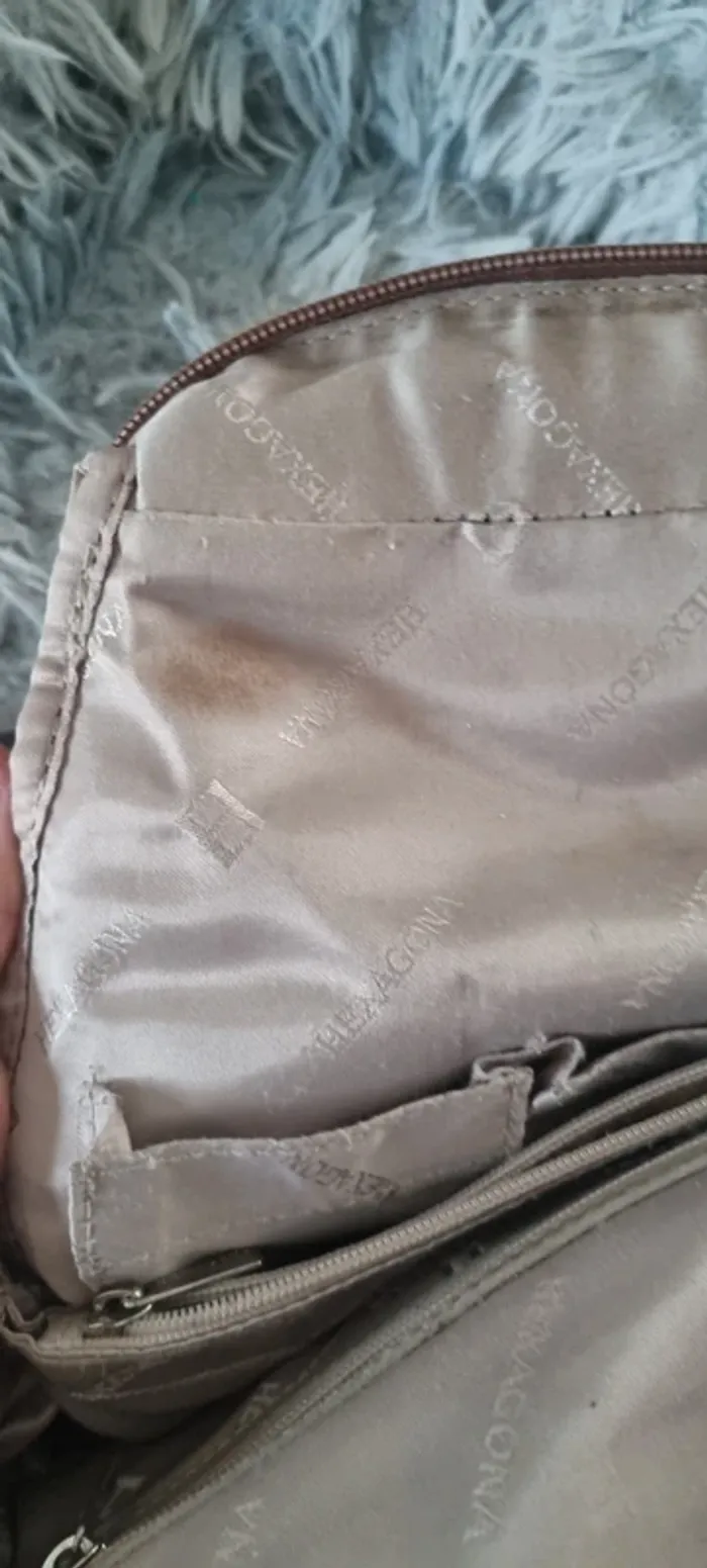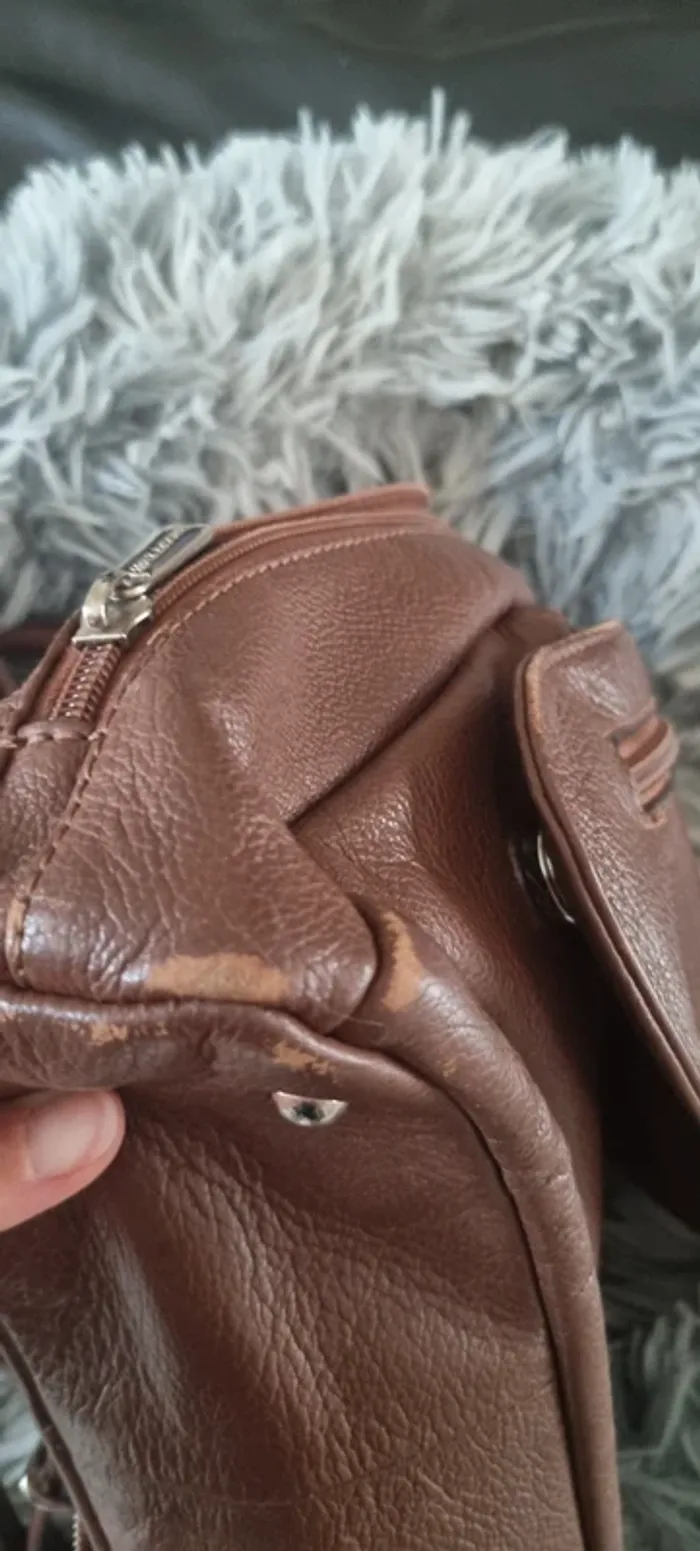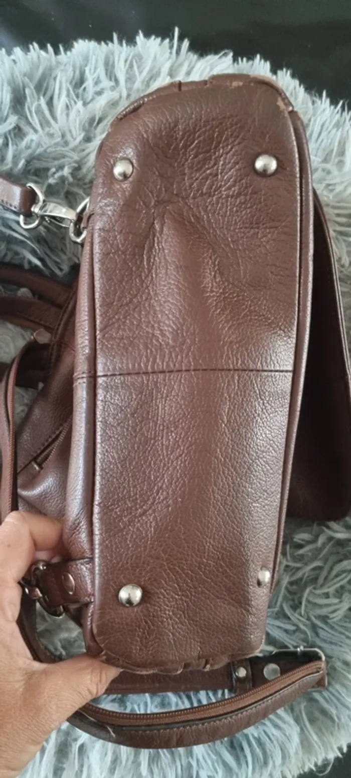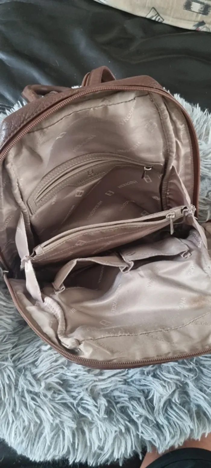 Sac à dos en cuir de la marque Hexagona. Excellente qualité. Il y a de nombreuses poches de rangement. La couleur du cuir est légèrement abîmée en bas et il y a une toute petite tâche à l'intérieur (voir photos). Sinon le sac est en parfait état.
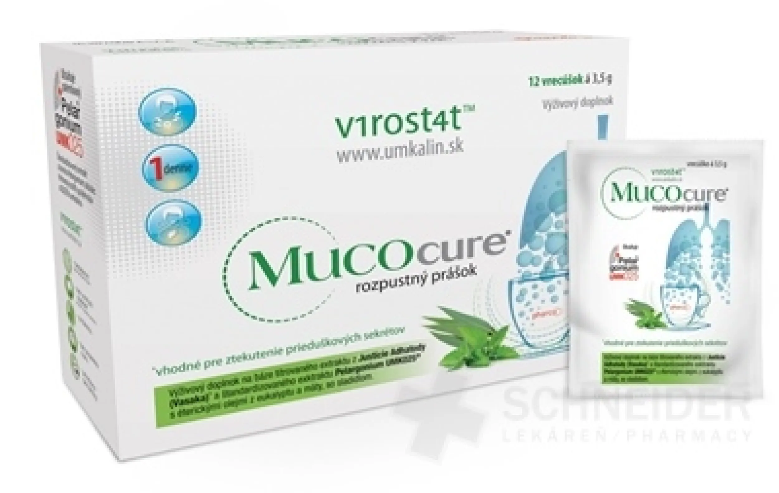 Nahrungsergänzungsmittel, lösliches Pulver. Enthält Pflanzenextrakte aus Justícia Adhatoda (Vasicin) und Pelargonia sidoides-Extrakt (Umcalin), mit ätherischen Ölen aus Eukalyptus, Minze und Süßungsmittel (Steviolglykoside aus Stevia).
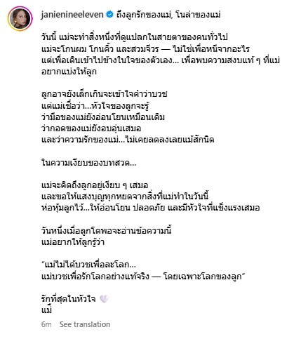 วันหนึ่งเมื่อลูกโตพอจะอ่านข้อความนี้ แม่อยากให้ลูกรู้ว่า “แม่ไม่ได้บวชเพื่อละโลก…แม่บวชเพื่อรักโลกอย่างแท้จริง — โดยเฉพาะโลกของลูก” รักที่สุดในหัวใจ แม่
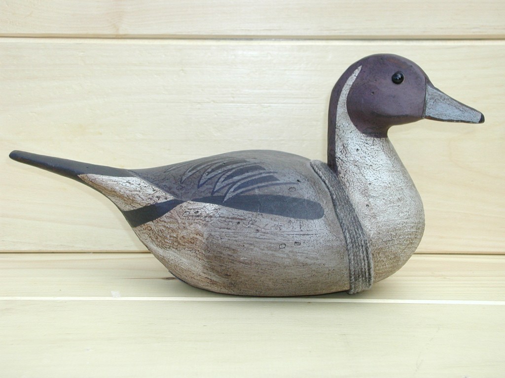 Our Premiere Pintail is carved to reflect the subtle beauty and grandness of this bird. Its head is turned, giving it a noble stance. Features include black glass eyes, carved wings, lead weight, an anchor line, and a distressed patina. It is branded with the “WHITE” name and measures apprx. 14” long x 5 1/2” wide x 7” high.
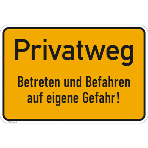 Symbol/Text: Privatweg - Betreten und Befahren auf eigene Gefahr!.

◇ ◇ ◇ ◇ ◇

• [Exercise instructions]:
An exact transcription of the data above is needed, without the pictures.

• [Task output]:
 Sac à dos en cuir de la marque Hexagona. Excellente qualité. Il y a de nombreuses poches de rangement. La couleur du cuir est légèrement abîmée en bas et il y a une toute petite tâche à l'intérieur (voir photos). Sinon le sac est en parfait état.
 Nahrungsergänzungsmittel, lösliches Pulver. Enthält Pflanzenextrakte aus Justícia Adhatoda (Vasicin) und Pelargonia sidoides-Extrakt (Umcalin), mit ätherischen Ölen aus Eukalyptus, Minze und Süßungsmittel (Steviolglykoside aus Stevia).
 วันหนึ่งเมื่อลูกโตพอจะอ่านข้อความนี้ แม่อยากให้ลูกรู้ว่า “แม่ไม่ได้บวชเพื่อละโลก…แม่บวชเพื่อรักโลกอย่างแท้จริง — โดยเฉพาะโลกของลูก” รักที่สุดในหัวใจ แม่
 Our Premiere Pintail is carved to reflect the subtle beauty and grandness of this bird. Its head is turned, giving it a noble stance. Features include black glass eyes, carved wings, lead weight, an anchor line, and a distressed patina. It is branded with the “WHITE” name and measures apprx. 14” long x 5 1/2” wide x 7” high.
 Symbol/Text: Privatweg - Betreten und Befahren auf eigene Gefahr!.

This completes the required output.